▸ **Material provided**
━━━━━━━━━━━━━━━━━━━━
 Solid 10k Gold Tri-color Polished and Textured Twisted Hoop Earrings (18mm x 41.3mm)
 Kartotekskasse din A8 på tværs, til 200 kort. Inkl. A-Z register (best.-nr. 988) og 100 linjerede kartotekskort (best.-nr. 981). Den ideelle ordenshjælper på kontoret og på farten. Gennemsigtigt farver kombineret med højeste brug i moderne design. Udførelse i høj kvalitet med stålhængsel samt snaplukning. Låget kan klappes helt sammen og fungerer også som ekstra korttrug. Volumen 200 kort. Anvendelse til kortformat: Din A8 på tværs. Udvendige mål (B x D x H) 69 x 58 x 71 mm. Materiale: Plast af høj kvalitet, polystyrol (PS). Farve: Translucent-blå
━━━━━━━━━━━━━━━━━━━━
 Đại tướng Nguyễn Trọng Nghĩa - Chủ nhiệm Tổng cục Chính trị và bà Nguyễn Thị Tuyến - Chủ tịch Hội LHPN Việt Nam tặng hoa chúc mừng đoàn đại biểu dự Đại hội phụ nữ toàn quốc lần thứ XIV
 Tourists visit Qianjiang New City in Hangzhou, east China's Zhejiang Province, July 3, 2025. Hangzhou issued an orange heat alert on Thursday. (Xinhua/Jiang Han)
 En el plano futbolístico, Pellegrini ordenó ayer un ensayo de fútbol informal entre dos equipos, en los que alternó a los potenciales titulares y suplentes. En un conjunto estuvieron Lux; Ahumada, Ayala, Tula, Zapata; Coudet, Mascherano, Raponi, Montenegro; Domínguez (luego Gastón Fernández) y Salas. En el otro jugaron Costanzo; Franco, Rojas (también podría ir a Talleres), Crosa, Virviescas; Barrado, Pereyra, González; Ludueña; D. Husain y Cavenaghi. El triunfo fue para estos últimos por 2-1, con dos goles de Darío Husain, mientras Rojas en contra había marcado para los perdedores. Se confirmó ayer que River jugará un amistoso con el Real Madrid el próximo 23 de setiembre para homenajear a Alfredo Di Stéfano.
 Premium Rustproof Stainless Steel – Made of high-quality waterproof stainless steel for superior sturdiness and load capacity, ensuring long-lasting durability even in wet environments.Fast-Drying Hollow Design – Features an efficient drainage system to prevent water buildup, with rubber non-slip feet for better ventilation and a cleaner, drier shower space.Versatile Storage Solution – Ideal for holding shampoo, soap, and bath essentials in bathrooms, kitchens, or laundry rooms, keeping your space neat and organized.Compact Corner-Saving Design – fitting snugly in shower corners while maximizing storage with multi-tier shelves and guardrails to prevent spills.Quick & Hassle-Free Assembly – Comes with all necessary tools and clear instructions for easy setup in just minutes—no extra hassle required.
━━━━━━━━━━━━━━━━━━━━
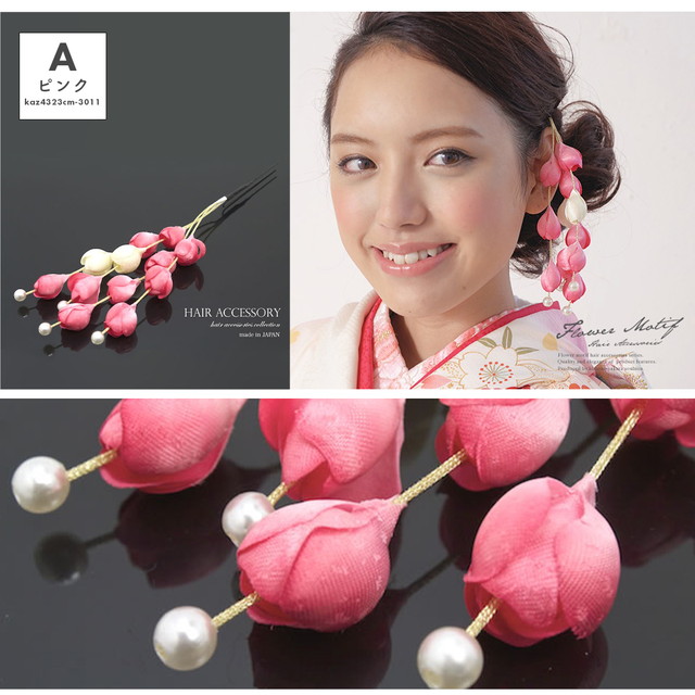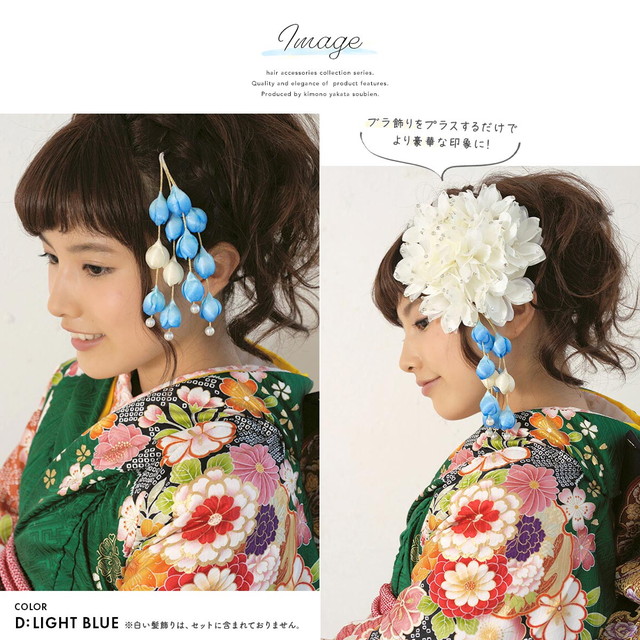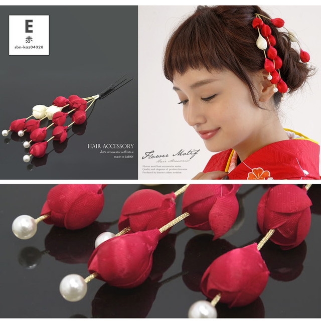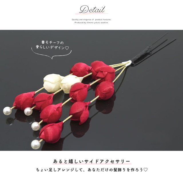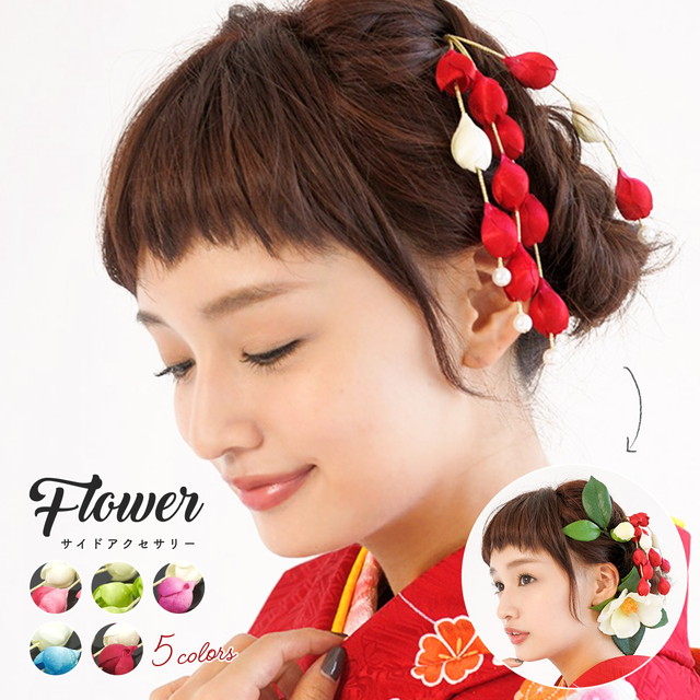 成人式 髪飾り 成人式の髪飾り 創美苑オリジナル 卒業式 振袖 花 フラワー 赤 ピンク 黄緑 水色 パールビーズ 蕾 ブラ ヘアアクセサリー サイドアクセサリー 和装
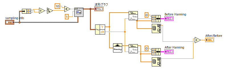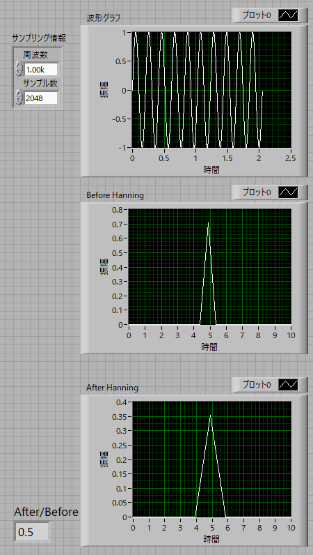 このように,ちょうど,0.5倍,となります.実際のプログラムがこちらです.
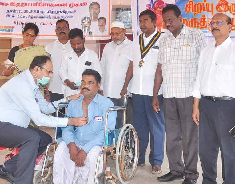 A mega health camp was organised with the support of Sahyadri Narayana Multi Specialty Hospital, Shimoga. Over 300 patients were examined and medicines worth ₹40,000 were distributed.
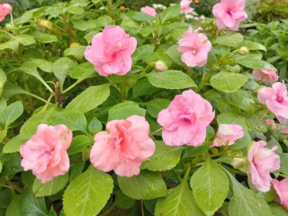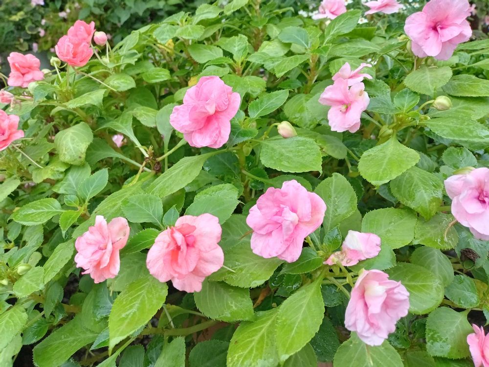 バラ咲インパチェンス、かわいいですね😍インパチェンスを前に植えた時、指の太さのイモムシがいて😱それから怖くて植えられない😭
━━━━━━━━━━━━━━━━━━━━
▸ **To do**
From the records above, copy out the line with "Solid 10k Gold", the line with "Kartotekskasse din A8", and every line between them, word for word.

▸ **Solution to the problem**
 Solid 10k Gold Tri-color Polished and Textured Twisted Hoop Earrings (18mm x 41.3mm)
 Kartotekskasse din A8 på tværs, til 200 kort. Inkl. A-Z register (best.-nr. 988) og 100 linjerede kartotekskort (best.-nr. 981). Den ideelle ordenshjælper på kontoret og på farten. Gennemsigtigt farver kombineret med højeste brug i moderne design. Udførelse i høj kvalitet med stålhængsel samt snaplukning. Låget kan klappes helt sammen og fungerer også som ekstra korttrug. Volumen 200 kort. Anvendelse til kortformat: Din A8 på tværs. Udvendige mål (B x D x H) 69 x 58 x 71 mm. Materiale: Plast af høj kvalitet, polystyrol (PS). Farve: Translucent-blå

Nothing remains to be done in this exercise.